*** SUPPLIED INFORMATION Section Begins ***

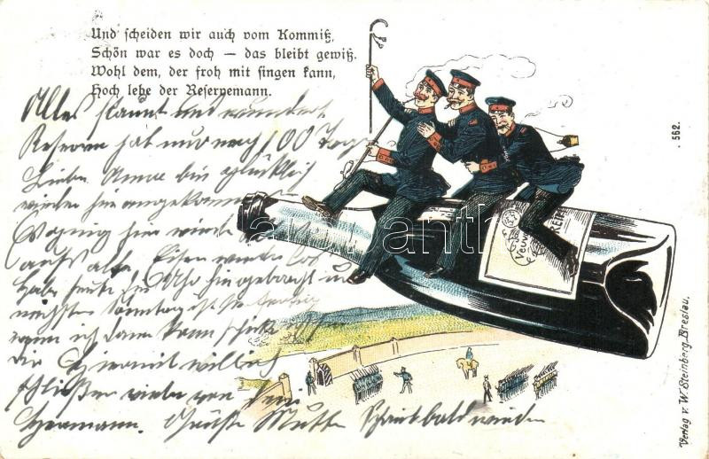 Leírás: WWI German soldiers riding a glass of champgane, humour, litho
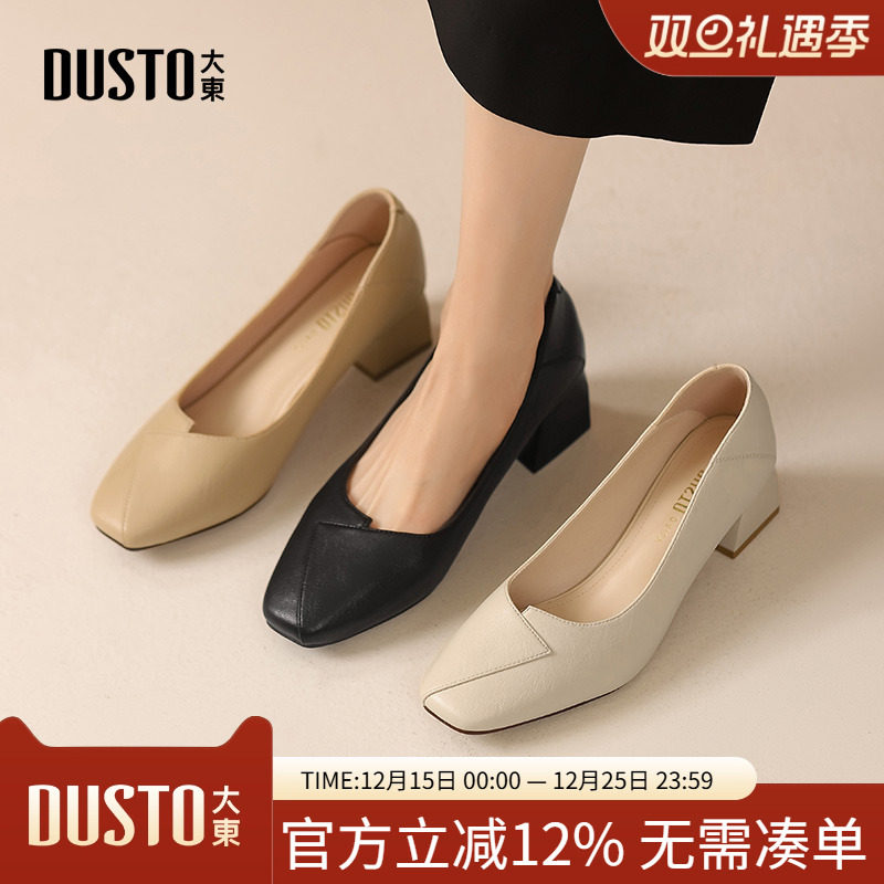 大东通勤鞋女鞋2025秋季新款简约两穿中跟粗跟配裙子爆款单鞋0009
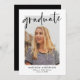 Convide convidados para a sua festa de formatura com nossos convites de festa de formatura de Script Preto e Trendy & na moda. Os convites de festa de formatura exibem sua foto em branco com "formando" em uma camada preta de script escrita à mão. Personalize a frente adicionando seu nome, escola e ano de graduação. O verso do convite apresenta os detalhes do seu partido em texto branco contra um fundo preto sólido.
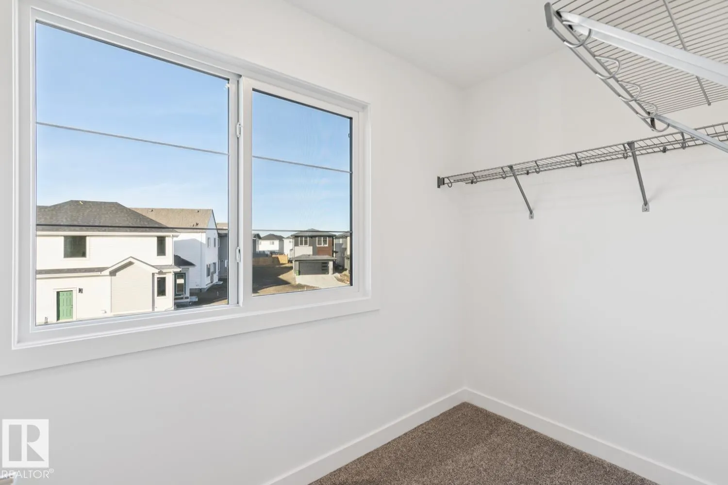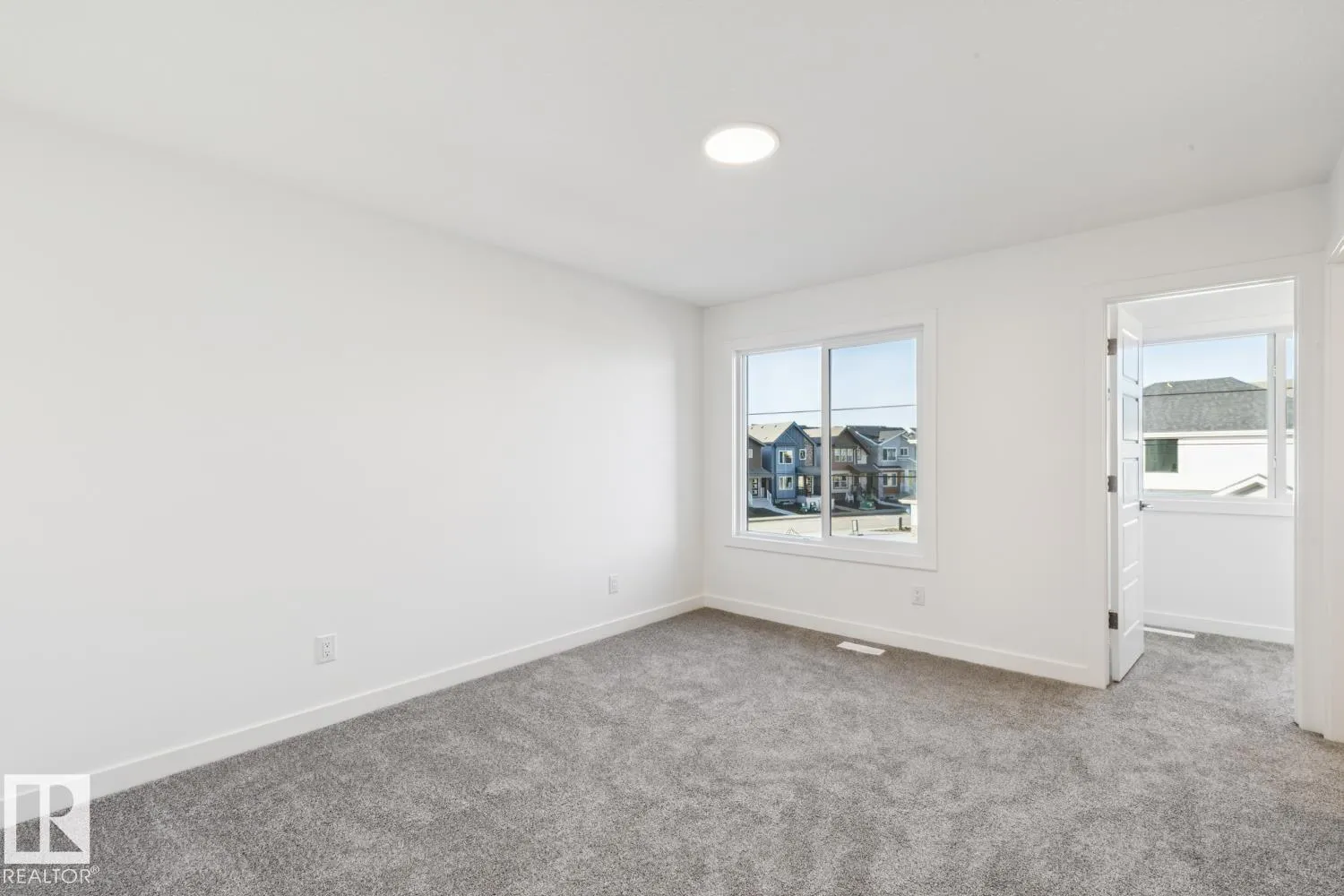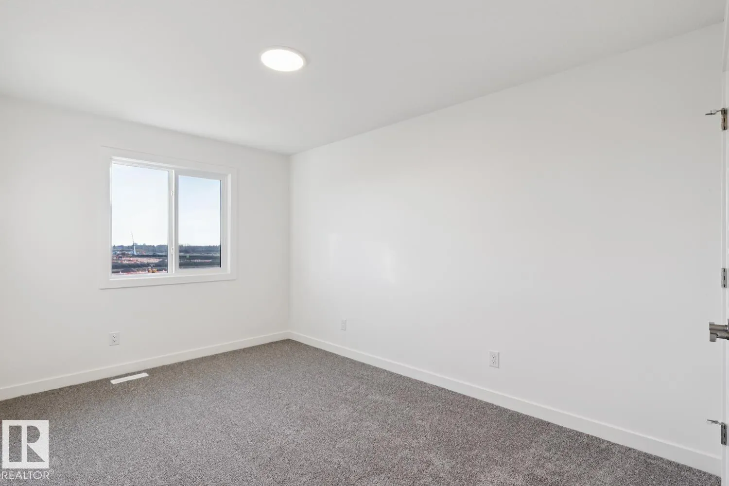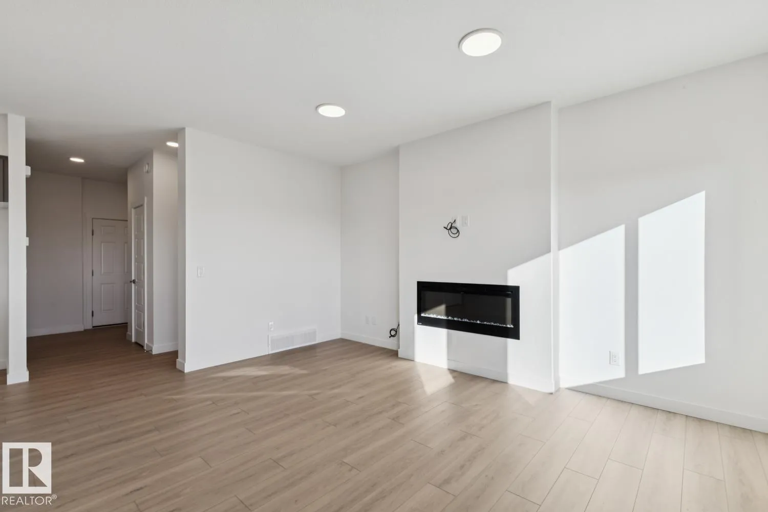 Built by Sterling Homes, this bright front-attached home in Rivers Edge blends modern style with a family-friendly layout near scenic river valley trails. Triple pane windows and 9â ceilings enhance the open main floor, where a welcoming foyer leads to a spacious great room with electric fireplace and large rear windows. The kitchen features quartz countertops, a generous island with seating, upgraded cabinetry, full-height backsplash, built-in microwave, chimney hood fan, and corner pantry. Upstairs offers a central bonus room, upper laundry, and a primary suite with walk-in closet and 4-piece ensuite with double sinks and glass shower. Complete with luxury vinyl plank flooring, upgraded railings, separate side entrance, double attached garage with floor drain, and basement rough-ins. (id:27476)

*** SUPPLIED INFORMATION Section Ends ***

> _ASSIGNED TASK_:
Exactly as they stand, set down the lines from the start of the material through the line with "Convide convidados para", both ends included, omitting the pictures.

> _SOLUTION TO THIS TASK_:
 Leírás: WWI German soldiers riding a glass of champgane, humour, litho
 大东通勤鞋女鞋2025秋季新款简约两穿中跟粗跟配裙子爆款单鞋0009
 Convide convidados para a sua festa de formatura com nossos convites de festa de formatura de Script Preto e Trendy & na moda. Os convites de festa de formatura exibem sua foto em branco com "formando" em uma camada preta de script escrita à mão. Personalize a frente adicionando seu nome, escola e ano de graduação. O verso do convite apresenta os detalhes do seu partido em texto branco contra um fundo preto sólido.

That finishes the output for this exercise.